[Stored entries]

◇ ◇ ◇ ◇ ◇

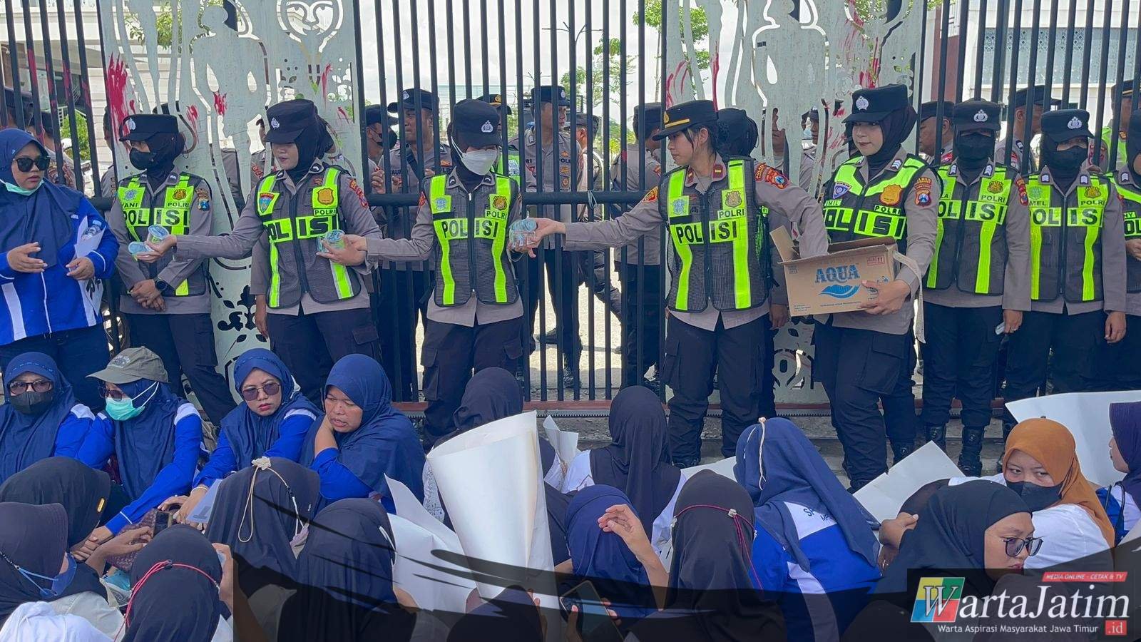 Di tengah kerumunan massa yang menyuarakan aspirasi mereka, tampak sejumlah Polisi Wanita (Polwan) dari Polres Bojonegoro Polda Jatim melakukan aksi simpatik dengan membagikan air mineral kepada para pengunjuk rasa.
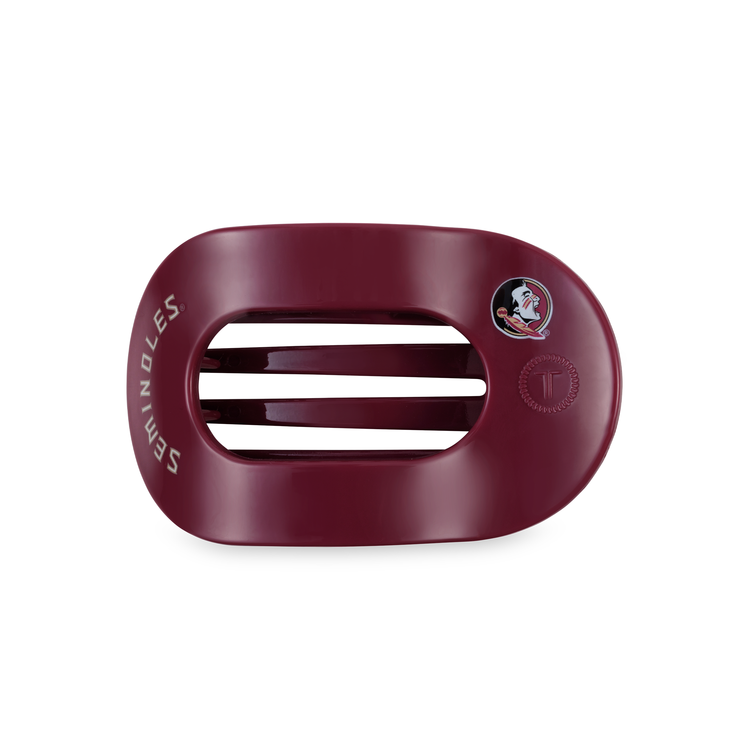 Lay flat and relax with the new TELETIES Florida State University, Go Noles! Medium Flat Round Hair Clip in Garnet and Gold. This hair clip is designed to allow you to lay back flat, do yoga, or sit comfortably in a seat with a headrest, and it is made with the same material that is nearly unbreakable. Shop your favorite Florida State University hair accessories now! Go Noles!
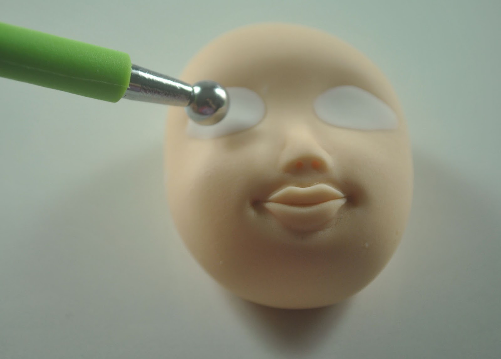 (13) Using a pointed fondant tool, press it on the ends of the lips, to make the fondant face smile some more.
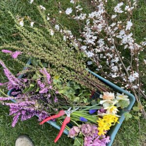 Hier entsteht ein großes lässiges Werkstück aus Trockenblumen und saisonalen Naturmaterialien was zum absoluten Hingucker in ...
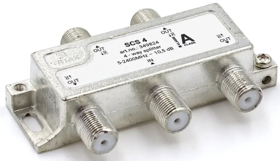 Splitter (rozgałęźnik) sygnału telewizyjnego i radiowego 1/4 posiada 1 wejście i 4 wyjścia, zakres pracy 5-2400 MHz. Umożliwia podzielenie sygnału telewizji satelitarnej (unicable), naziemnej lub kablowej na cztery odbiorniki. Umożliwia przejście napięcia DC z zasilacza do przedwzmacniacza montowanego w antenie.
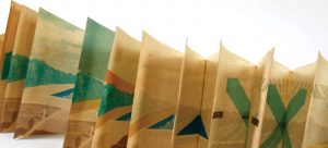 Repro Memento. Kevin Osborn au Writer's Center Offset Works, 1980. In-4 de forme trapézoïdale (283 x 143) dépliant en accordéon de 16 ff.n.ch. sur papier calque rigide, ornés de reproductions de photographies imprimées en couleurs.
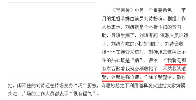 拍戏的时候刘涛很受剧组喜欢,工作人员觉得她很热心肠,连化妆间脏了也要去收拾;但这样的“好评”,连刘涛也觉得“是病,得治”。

◇ ◇ ◇ ◇ ◇

GOAL OF THE EXERCISE: Write the data above out again exactly, minus its pictures.

RESULT:
 Di tengah kerumunan massa yang menyuarakan aspirasi mereka, tampak sejumlah Polisi Wanita (Polwan) dari Polres Bojonegoro Polda Jatim melakukan aksi simpatik dengan membagikan air mineral kepada para pengunjuk rasa.
 Lay flat and relax with the new TELETIES Florida State University, Go Noles! Medium Flat Round Hair Clip in Garnet and Gold. This hair clip is designed to allow you to lay back flat, do yoga, or sit comfortably in a seat with a headrest, and it is made with the same material that is nearly unbreakable. Shop your favorite Florida State University hair accessories now! Go Noles!
 (13) Using a pointed fondant tool, press it on the ends of the lips, to make the fondant face smile some more.
 Hier entsteht ein großes lässiges Werkstück aus Trockenblumen und saisonalen Naturmaterialien was zum absoluten Hingucker in ...
 Splitter (rozgałęźnik) sygnału telewizyjnego i radiowego 1/4 posiada 1 wejście i 4 wyjścia, zakres pracy 5-2400 MHz. Umożliwia podzielenie sygnału telewizji satelitarnej (unicable), naziemnej lub kablowej na cztery odbiorniki. Umożliwia przejście napięcia DC z zasilacza do przedwzmacniacza montowanego w antenie.
 Repro Memento. Kevin Osborn au Writer's Center Offset Works, 1980. In-4 de forme trapézoïdale (283 x 143) dépliant en accordéon de 16 ff.n.ch. sur papier calque rigide, ornés de reproductions de photographies imprimées en couleurs.
 拍戏的时候刘涛很受剧组喜欢,工作人员觉得她很热心肠,连化妆间脏了也要去收拾;但这样的“好评”,连刘涛也觉得“是病,得治”。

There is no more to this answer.